### WHAT TO PRODUCE
Reproduce the material below only from the line with "Aparatos de uso" to the line with "ACEH TIMUR |", both included, keeping each line exact and dropping the pictures.

### GIVEN INFORMATION

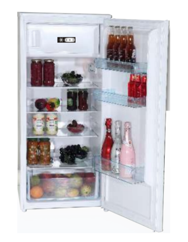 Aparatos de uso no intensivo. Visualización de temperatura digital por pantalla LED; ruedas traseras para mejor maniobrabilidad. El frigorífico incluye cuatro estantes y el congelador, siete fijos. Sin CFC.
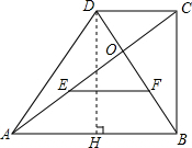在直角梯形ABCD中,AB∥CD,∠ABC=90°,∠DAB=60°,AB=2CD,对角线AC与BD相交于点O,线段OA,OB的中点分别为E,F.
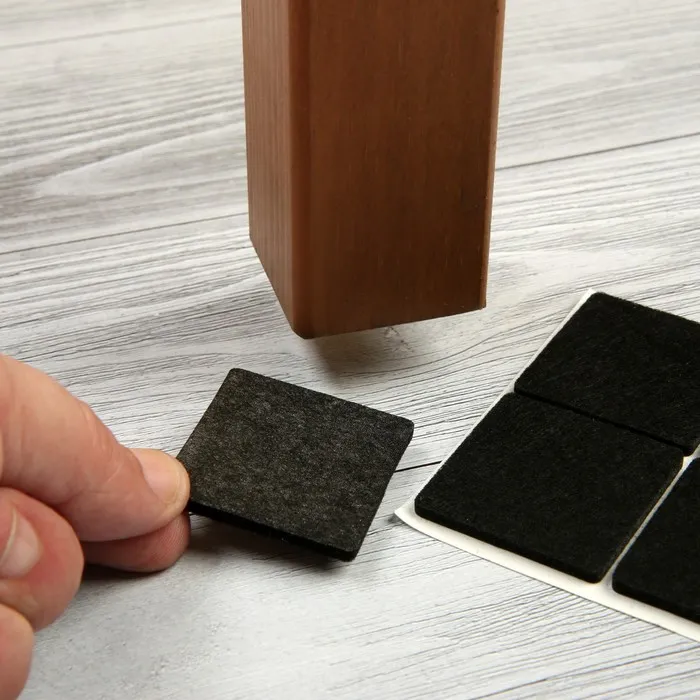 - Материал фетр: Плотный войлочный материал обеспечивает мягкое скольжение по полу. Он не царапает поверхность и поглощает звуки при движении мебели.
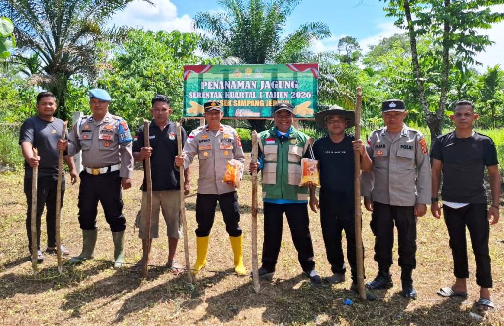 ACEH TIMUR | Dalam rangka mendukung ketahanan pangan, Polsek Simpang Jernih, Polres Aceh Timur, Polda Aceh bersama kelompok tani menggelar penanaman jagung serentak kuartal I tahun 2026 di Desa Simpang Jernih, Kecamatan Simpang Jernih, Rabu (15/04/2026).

---

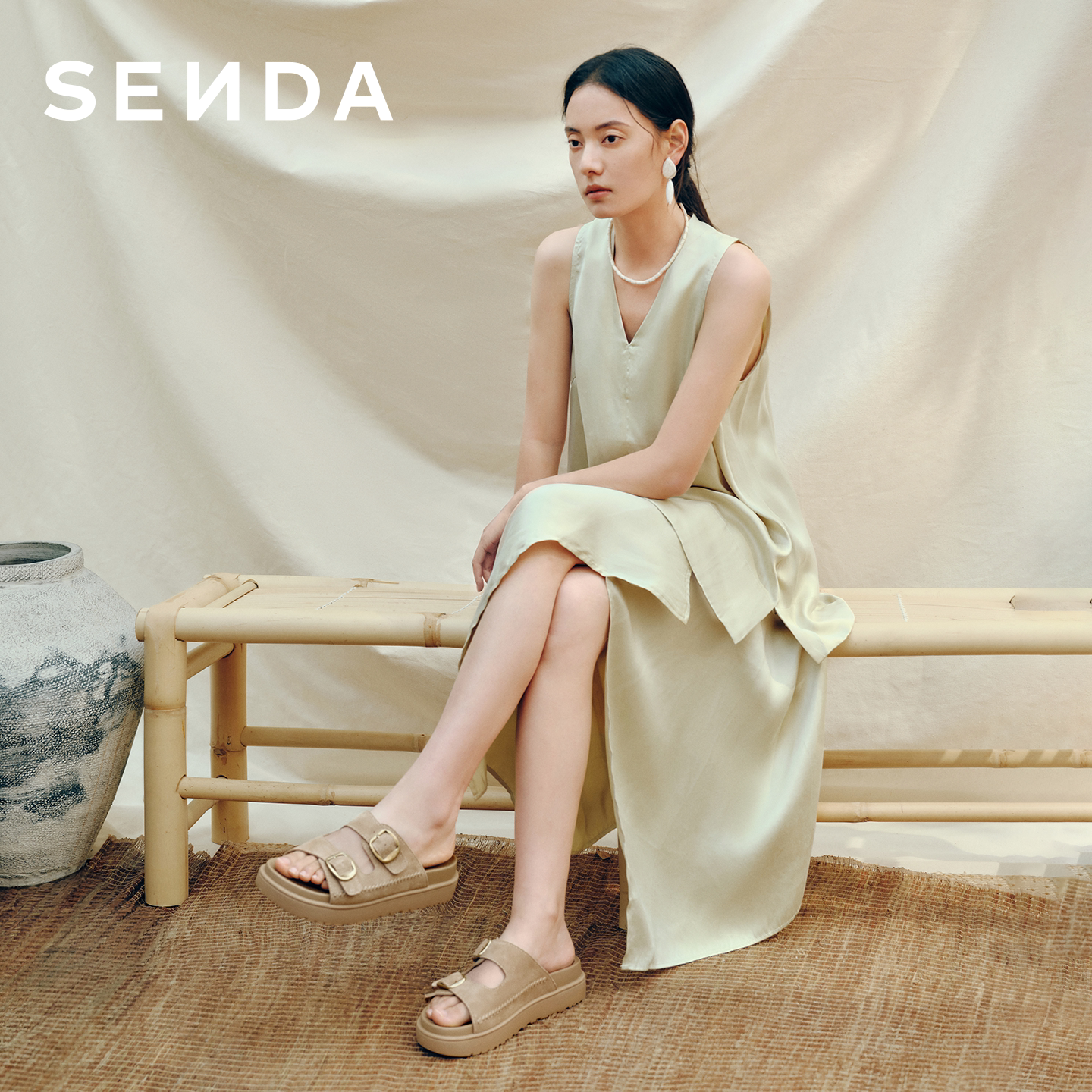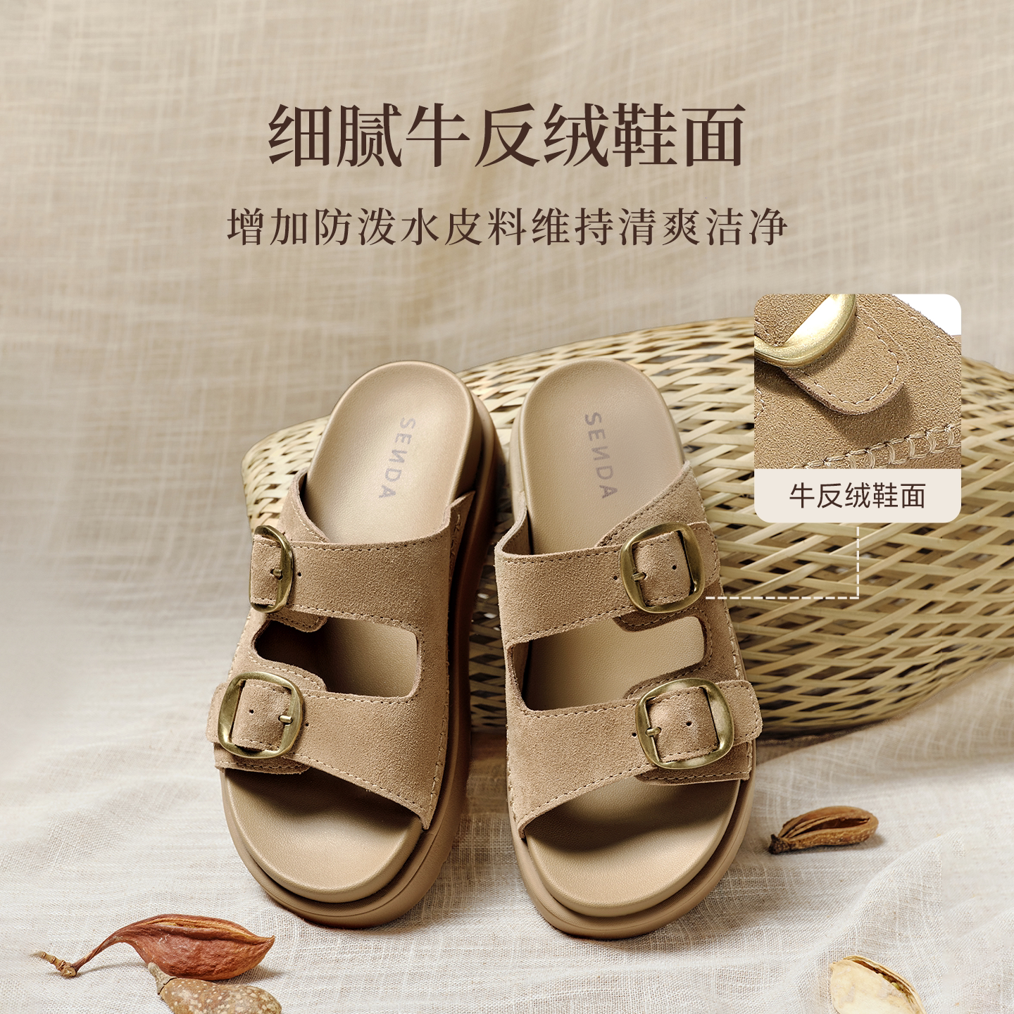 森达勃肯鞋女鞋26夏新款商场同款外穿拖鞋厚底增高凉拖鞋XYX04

### ANSWER TO THIS TASK
 Aparatos de uso no intensivo. Visualización de temperatura digital por pantalla LED; ruedas traseras para mejor maniobrabilidad. El frigorífico incluye cuatro estantes y el congelador, siete fijos. Sin CFC.
在直角梯形ABCD中,AB∥CD,∠ABC=90°,∠DAB=60°,AB=2CD,对角线AC与BD相交于点O,线段OA,OB的中点分别为E,F.
 - Материал фетр: Плотный войлочный материал обеспечивает мягкое скольжение по полу. Он не царапает поверхность и поглощает звуки при движении мебели.
 ACEH TIMUR | Dalam rangka mendukung ketahanan pangan, Polsek Simpang Jernih, Polres Aceh Timur, Polda Aceh bersama kelompok tani menggelar penanaman jagung serentak kuartal I tahun 2026 di Desa Simpang Jernih, Kecamatan Simpang Jernih, Rabu (15/04/2026).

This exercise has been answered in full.